# My husband is "confused"



## mandyliza (Jan 31, 2010)

HI-

I had brain surgery for my epilepsy back in August. I'm doing well. He had a month off from school to help me recouperate. While still working a full-time job, he decided that he still wanted to take on TWO classes come September, even though I was still at home all day by myself for another month after surgery. He didn't see any problem with it. One day, he said that I was upset with him not giving me any attention and as he was saying "HEY! I stayed overnight with you at the hospital!", I said "that was then, this is now!". I apologized THEN. Although I will admit, I am still hurting from that. A month prior to surgery, he had told me he didn't know if he would be able to stay with me overnight because of work. 


Well, now he's holding this event against me. I left for a week to my father's back in Nov. when he was saying he was 'confused' and didn't know what he wanted. When I came back, he said that was the best thing we could have done. He agreed to go to marriage counseling, but while talking last night, he admited that I could see that he still wasn't TRYING to help the marriage. I am trying like hell. I'm reading books, changing what I say and do, but he admited that he really isn't. He says 'why can't we just stay positive?' 

Is it wrong to just 'stay positive' like he says? Or should he be trying AND staying positive? It just makes it sound like he doesn't want to try, and it hurts so badly. I'm not bringing up the past, because you don't get anywhere with that. So he's confusing the living daylights out of me...

Help me 

Mandyliza


----------



## Blanca (Jul 25, 2008)

My H was like this in the beginning of our marriage. He wanted me to drop my issues with the marriage for the sake of being positive. But of course nothing in the marriage bothered him because he wasnt even emotionally in the marriage. 

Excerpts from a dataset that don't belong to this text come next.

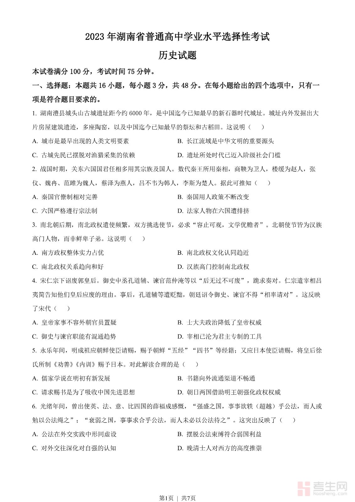 2023年高考历史试卷(全国甲卷)(解析卷)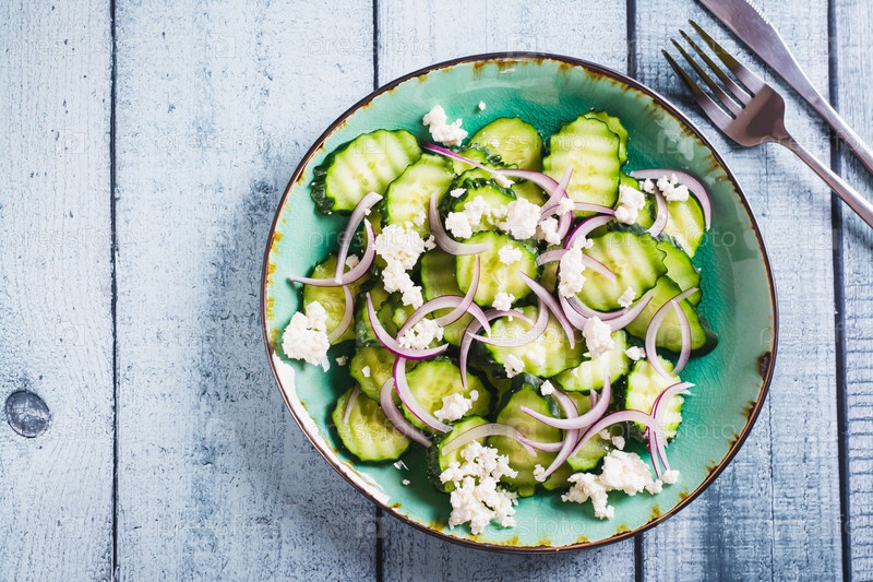 Крупный план салата из свежего огурца, рикотты и красного лука на тарелке на столешнице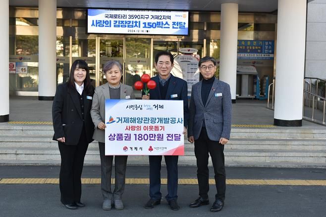 [경남도민뉴스=김부경 기자] 거제해양관광개발공사에서는 지난 16일 거제시청을 방문해 복지사각지대에 있는 취약계층을 위해 거제사랑상품권 180만원을 전달했다.
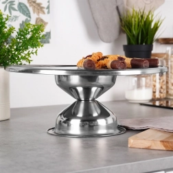 Ez a stabil talpú rozsdamentes tortaállvány professzionális megjelenést és praktikus használatot hoz minden konyhába és ünnepi asztalra. A 33 cm-es átmérőnek köszönhetően kényelmesen elférnek rajta torták, piték és mini desszertek válogatása, míg a 13 cm-es magasság látványos prezentációt ad alkotásainak.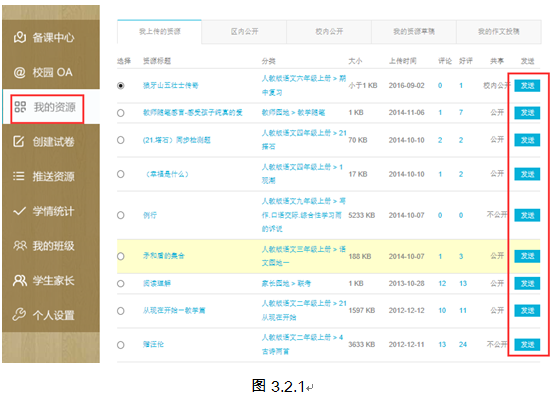 2) 点击首页左边导航栏中的“我的资源”进行发送(如图3.2.1)。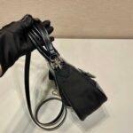 Reimagining the iconic lines of a model from the Prada archives from the 2000s. this nappa leather bag combines traditional elements reinterpreting them in a new way. with an innovative soft design. Softness and simplicity of the silhouette define this hobo bag. embellished by the ton-sur-ton triangle logo that frames the lettering logo. creating a three-dimensional and material game and enriching the design of the accessory.

I dont think you should stay positive if you dont feel positive. I never did. i think i was in a bad mood for four years straight. I cant pretend to be happy. it would really bother me when he seemed so nonchalant about how i felt. i wanted him to be bothered like me. but after awhile, and doing some boundary books, i realized that if he felt ok, then i couldnt judge him for that. I had to take care of my problem, since it seemed it was solely my problem at that point. 

I decided that if he wasnt going to work on the marriage, i wasnt either. i threw away every marriage book i owned, and all my lingerie. i started picking up my own hobbies and basically ignoring him. it only took him six months to realize it. and even that was only semi-effective. But, i am happier and that is what i was going for anyway.


----------



## mandyliza (Jan 31, 2010)

Thank you. I definitely need to concentrate on myself more. I'm going to try at least!!!


----------



## rick_bachman (Jan 27, 2010)

I saw a post on another message board that I found interesting. Basically it spoke to fights and things that break up a marriage (not specific events, but in general). Each fight is a chance for the couple to grow and accept the new changes the other person wants/expects.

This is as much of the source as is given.